Enfin, la traçabilité des algorithmes et des décisions de mission devra être documentée. C’est un point de vigilance récurrent des acheteurs publics et un prérequis pour la certification future de capacités autonomes. Les entreprises qui investiront tôt dans ces chaînes d’audit disposeront d’un avantage compétitif durable.

Un environnement géopolitique qui clarifie les priorités européennes

La séquence diplomatique de 2025 a consolidé une direction d’ensemble. Les messages portés par plusieurs capitales européennes au printemps, et la position exprimée à l’ONU fin février 2025, convergent vers une même conclusion : l’innovation défense n’est plus un luxe, c’est une condition de sécurité collective. Cette ligne conforte les dispositifs bilatéraux et multilatéraux, et donne de la visibilité aux industriels.

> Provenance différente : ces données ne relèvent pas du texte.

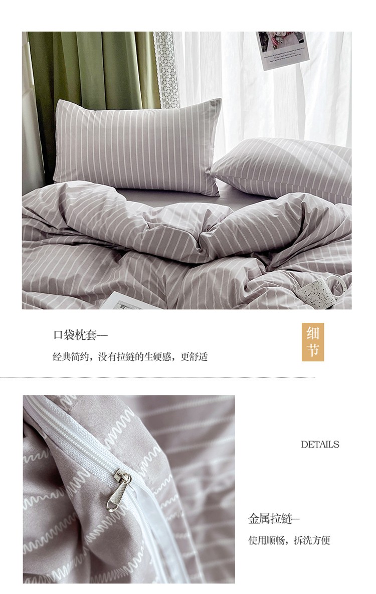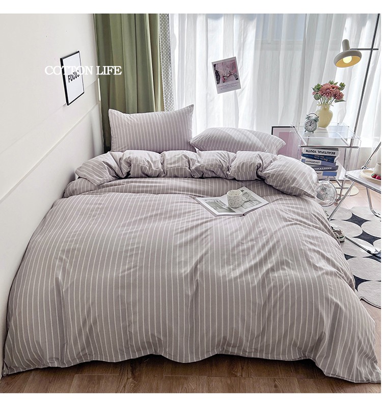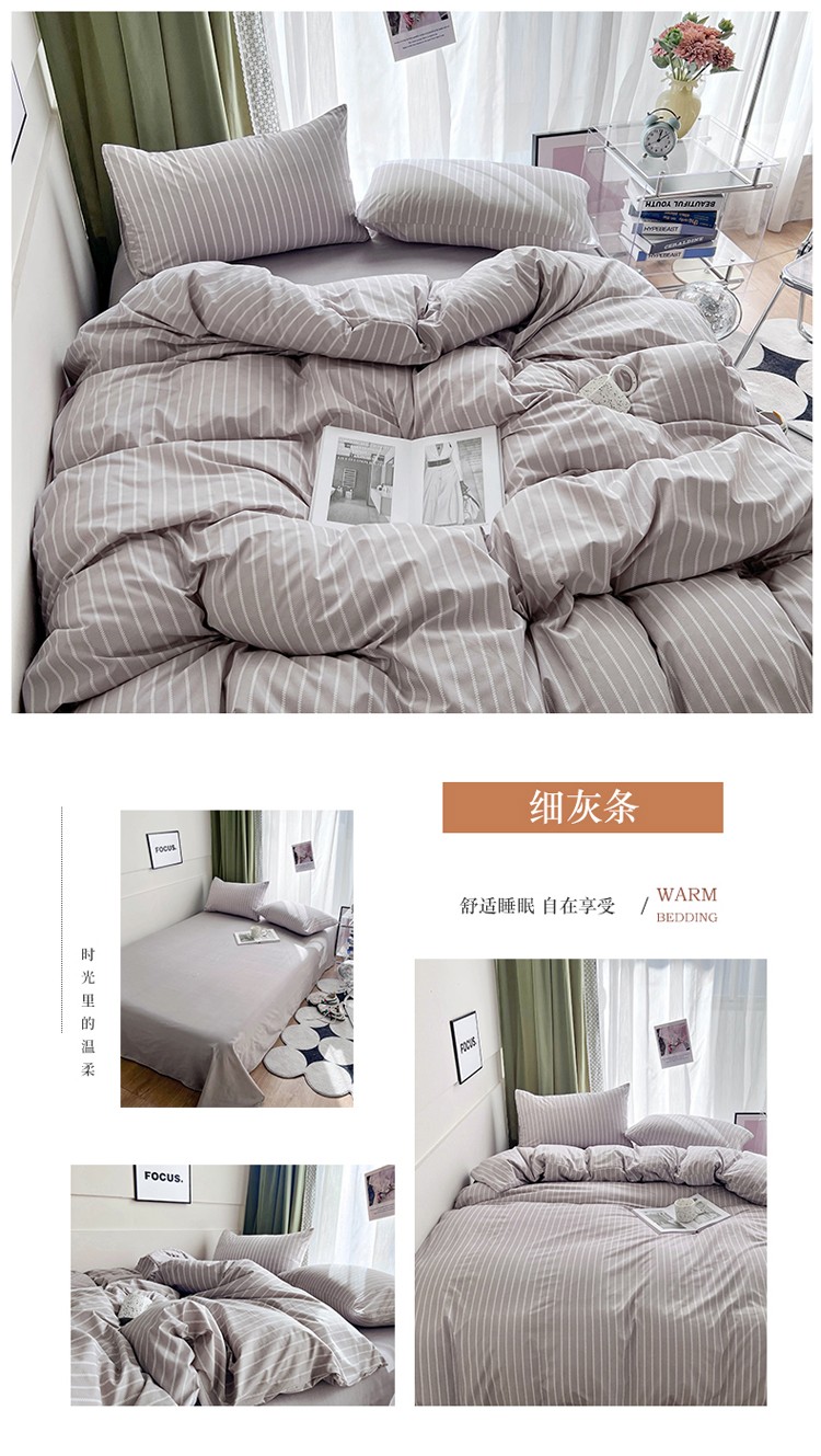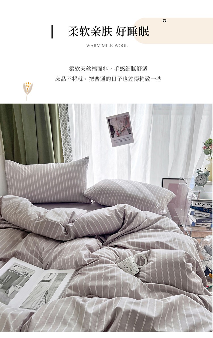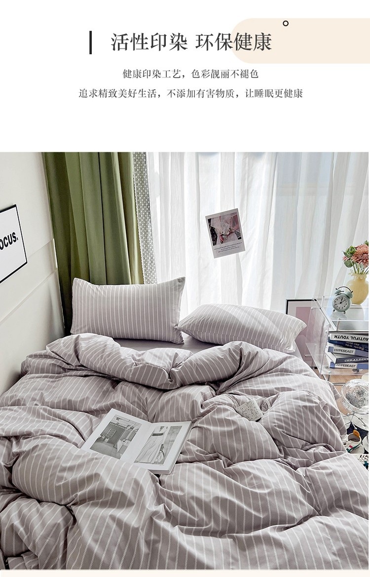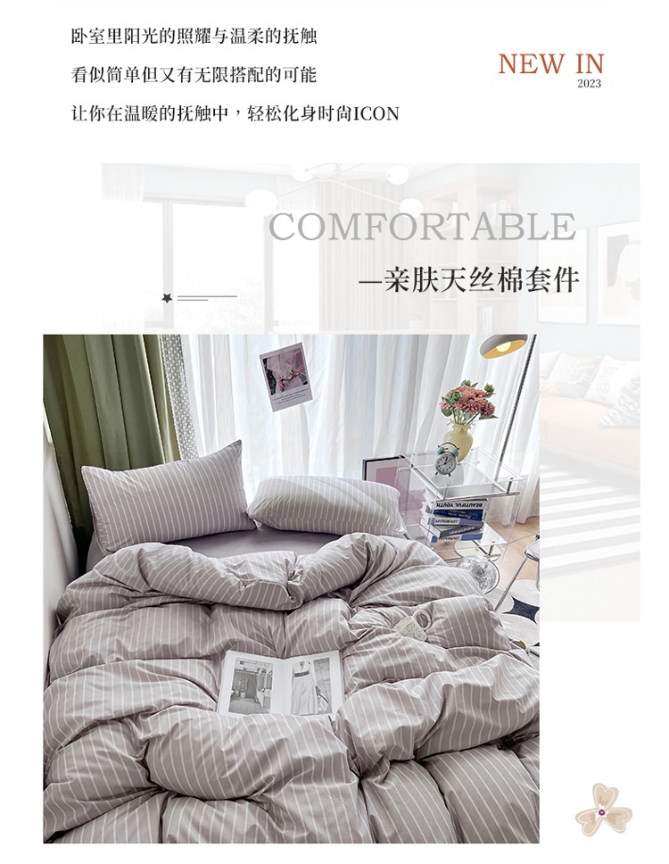 宏源家纺 2023新款天丝棉条纹系列单被套 细灰条
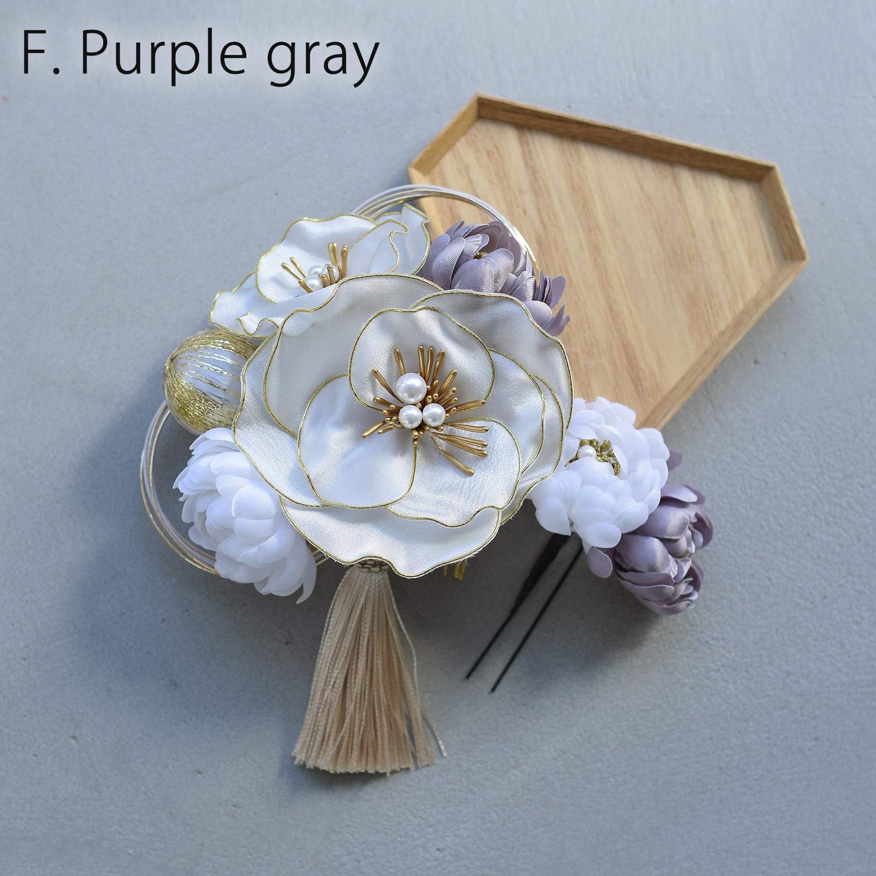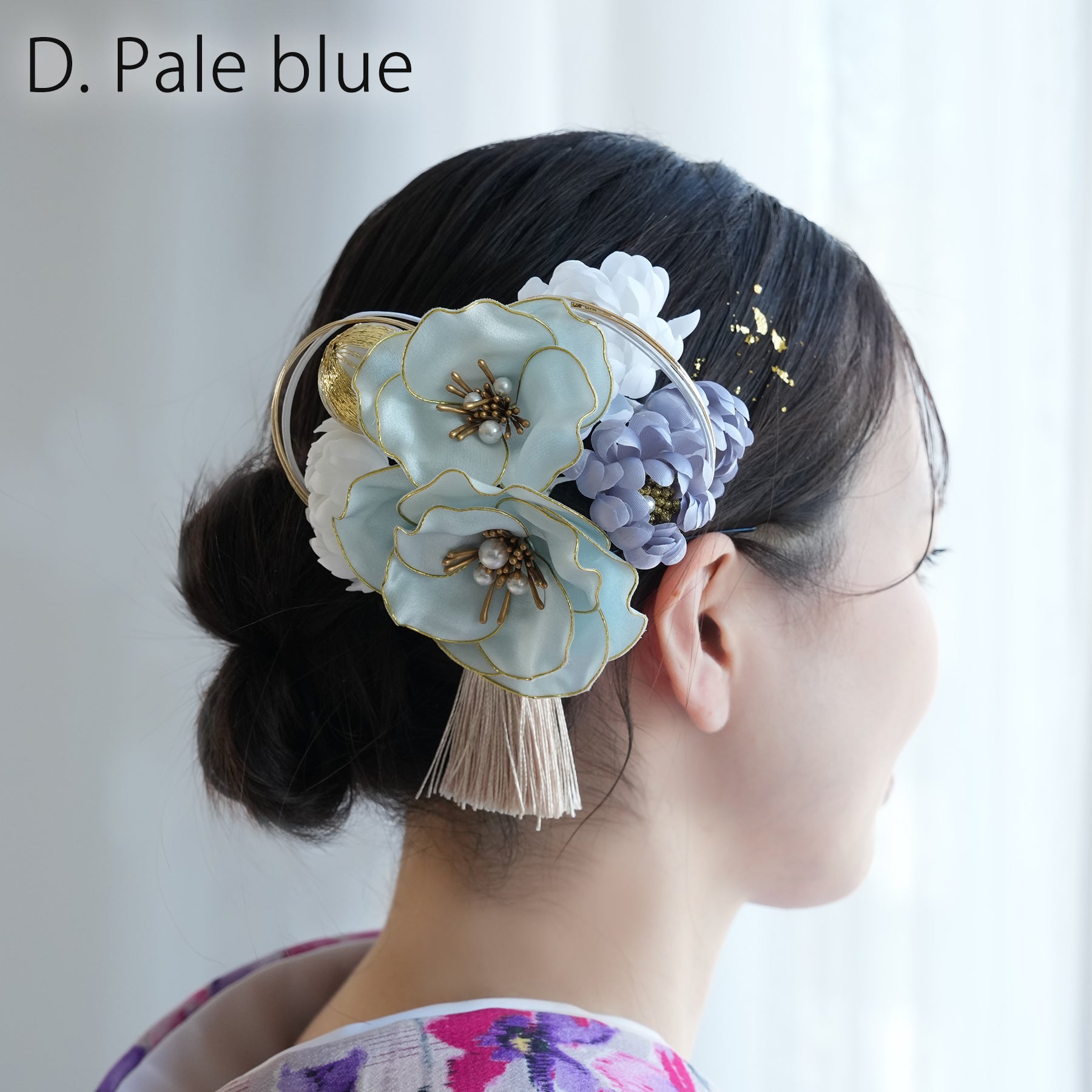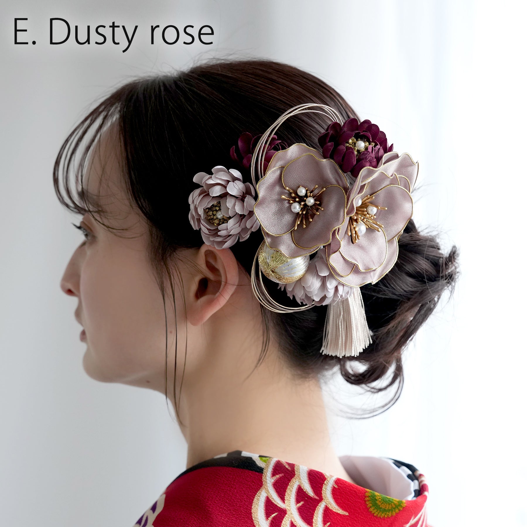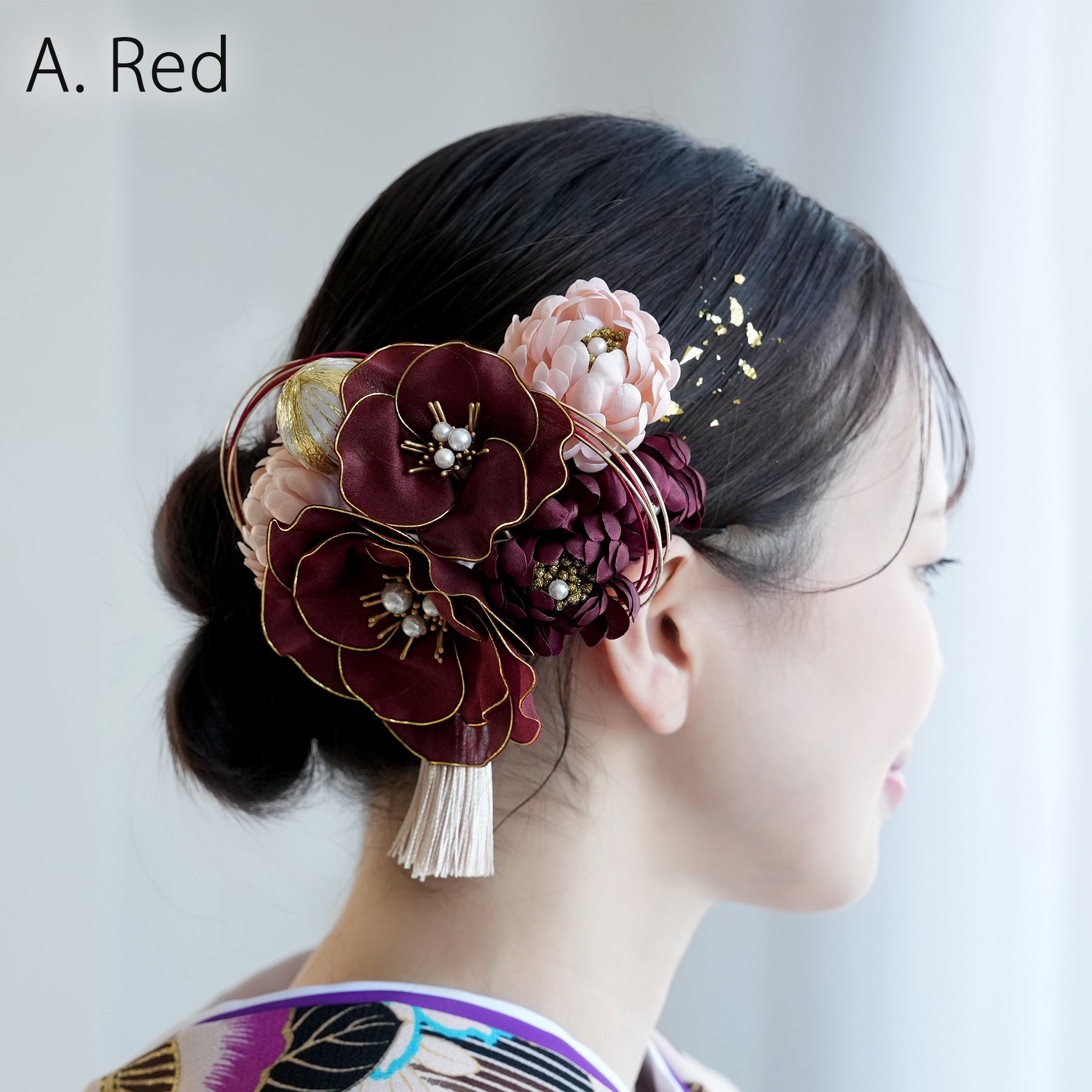 【髪飾り シルクフラワー芙蓉 コームUピン2点セット】水引 タッセル 菊 ヘアアクセサリー 日本製 成人式振袖や卒業式袴にも(5432635401)【取り寄せ品】

Pour la France, cela renforce l’intérêt d’une coopération tech resserrée avec l’Ukraine, dans un cadre maîtrisé par l’AID et la DGA. Les entreprises qui sauront conjuguer conformité, vitesse d’exécution et partage de retours d’expérience pourront se positionner au cœur d’une nouvelle chaîne de valeur européenne, où la bataille de l’IA et des drones se gagne autant par la qualité logicielle que par la capacité d’industrialisation.

Au fond, la résilience ukrainienne a montré que l’innovation, quand elle est insérée dans une architecture opérationnelle et juridique solide, peut déplacer les lignes bien au-delà du front. C’est désormais à l’industrie européenne d’en tirer les conséquences, lucidement et sans naïveté.